Да и как его спрячешь? Такое пузо ни одна рубашка не скроет. Наоборот, все рубашки у папы на животе слегка расходились, и сквозь щелки-дырочки между пуговицами любой желающий мог разглядеть его сокровище, которым он даже гордился. У папы, правда, тоже была привычка: он постоянно теребил усы. Усы у него были пышные, черные и блестящие. И чем бы папа ни занимался – смотрел телевизор, читал, разгадывал кроссворд, говорил или слушал, – его пальцы ловко скручивали волоски в тугие спиральки или превращали их в тонкие загогулины.
У Гансика, двенадцатилетнего брата Гретхен, тоже имелась привычка. Он чувствовал себя хорошо только тогда, когда его левый указательный палец оказывался в правой ноздре. Отвадить его от этого не удалось даже учительнице начальных классов, хотя таких упорных и строгих дам еще поискать. При этом Гансик ничего плохого не делал – просто затыкал ноздрю, и все.
А вот у Магды никаких особых привычек не было, не считая, конечно, того, что она постоянно куксилась, капризничала и ныла. Но это скорее особенности характера. Наверное, до того, чтобы обзавестись настоящими привычками, она еще просто не доросла, ведь ей только-только исполнилось шесть лет.
Зато у Гретхен было сразу несколько привычек. Она любила, например, жевать прядки своих кудрявых волос: сунет кончики в рот и покусывает. А еще – заплетать челку в мелкие косички, особенно если на уроке становится скучно. Ей нравилось хрустеть пальцами: возьмет один и тянет, пока не раздастся громкий хруст. Кроме того, она частенько почесывала живот – просто так, а не потому что он действительно чесался. Еще одно любимое занятие – разрисовывать ручкой левое запястье, как будто оно забинтовано. Помимо этого Гретхен иногда морщила нос и сопела. Можно было подумать, что она принюхивается, учуяв какой-то подозрительный неприятный запах. Но сопеть Гретхен начинала, когда кого-нибудь внимательно слушала, и сама этого не замечала.

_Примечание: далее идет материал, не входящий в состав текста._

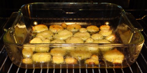 Roast at 180C/350F for 45-60 minutes until golden, flipping the slices halfway.
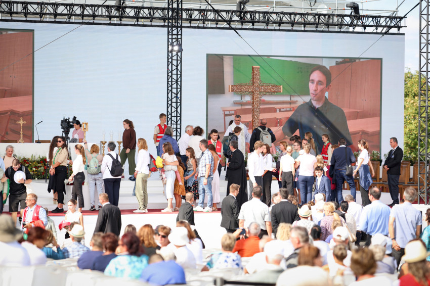 Babos Áron, az Esztergom-Budapesti Főegyházmegye ifjúsági referense egy kerekesszékes férfival, Fáy Istvánnal várakozik, aki nagyon szeretné megérinteni Magdi ereklyéjét, de ez egyelőre reménytelennek tűnik, hiszen nem tud felmenni a színpadra, ahol zarándokok százai hódolatukat fejezik ki. Budapest 6. kerületének Szent Család-plébániájáról érkeztek. István úgy érzi, meg kell köszönnie a plébániának, hogy őt is elhozták, felvállalták őt. „Sajnálom, hogy nem foghatom meg az ereklyét, de hát még nem vagyok angyal, nem tudok odamenni… És a vonat is nemsokára indul” – elérzékenyülve, de humorát félre nem téve mondja mindezt, nehezen formálva a szavakat.
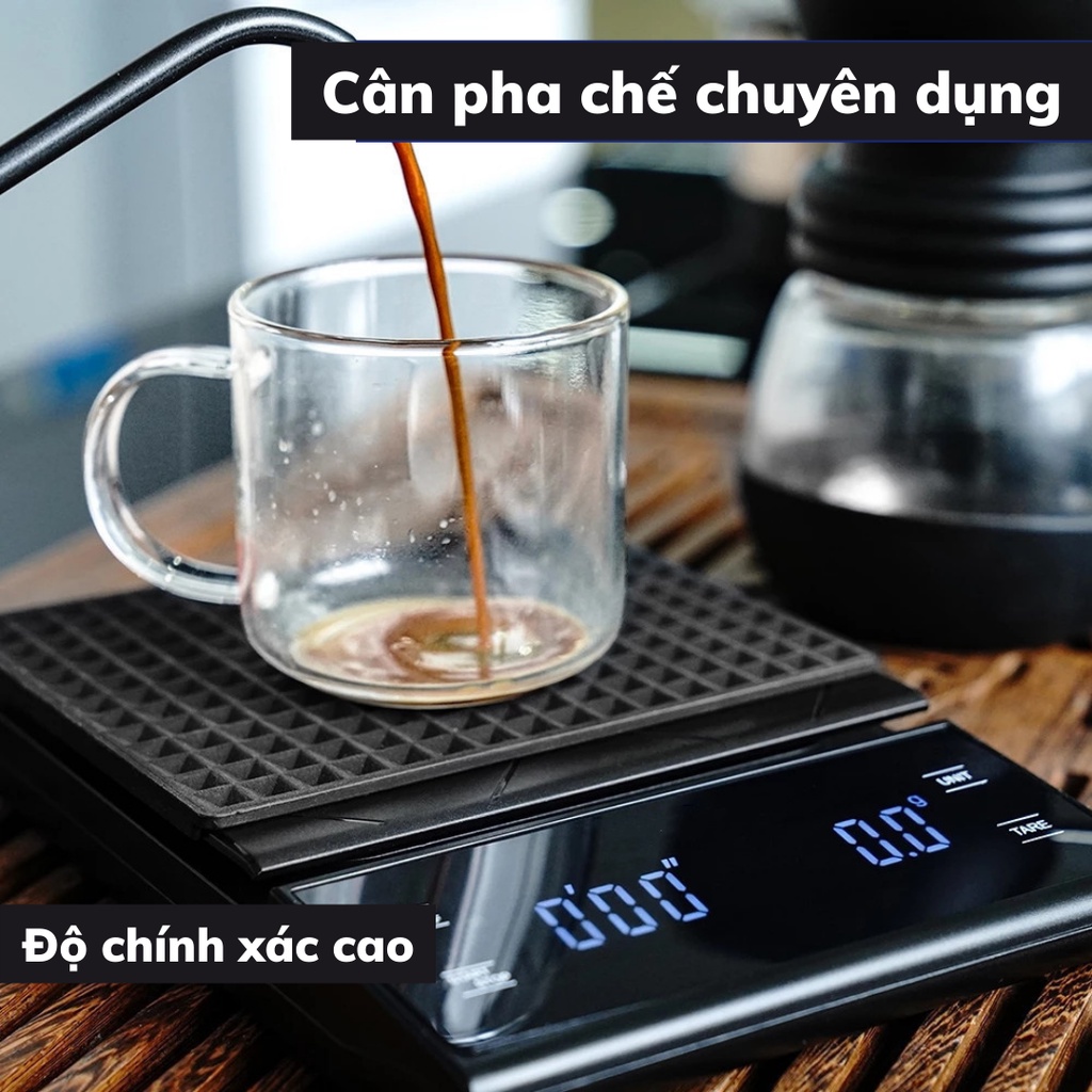 Cân tiểu ly điện tử mini pha chế định lượng 0,1-3kg pha cà phê nguyên chất cân tiểu li bấm giờ tặng kèm 3 viên pin AA

В доме, где жила семья Закмайеров, соседи за глаза называли их Тумбами. Пошло это с легкой руки Конни, соседского сынка. Сам он тощий как щепка, и все толстяки казались ему несуразными и смешными.
Каждое воскресенье, ровно в девять утра, Конни занимал позицию у окна, зная, что в это время Тумбы выезжают в Цветль, к бабушке. Завидев Гретхен, Гансика, Магду, маму и папу Закмайеров, он радостно вопил, призывая своих родителей:
– Тумбы, Тумбочки выползли! Скорее, а то всё пропустите!
Родители Конни тут же бросались к окну, и вся троица хихикала и потешалась над тем, как Закмайеры загружаются в свою «мини», которая изрядно проседала под тяжестью пассажиров. Глядя сверху на то, как маленькую машинку качает из стороны в сторону, наблюдатели страшно веселились и отпускали шуточки.
– Ай да чудо-таратайка! Прямо резиновая! Сколько сала влезает! – восклицал папа Конни.
– Спорим, что мамаша сейчас застрянет! – говорила мама Конни. – Вон какую попу отрастила, в такую дверцу не пройдет!
– Застряла, застряла! – подхватывал Конни.
Когда синяя машинка Закмайеров наконец трогалась, Конни с родителями смотрели ей вслед, огорченные, что воскресное представление завершилось.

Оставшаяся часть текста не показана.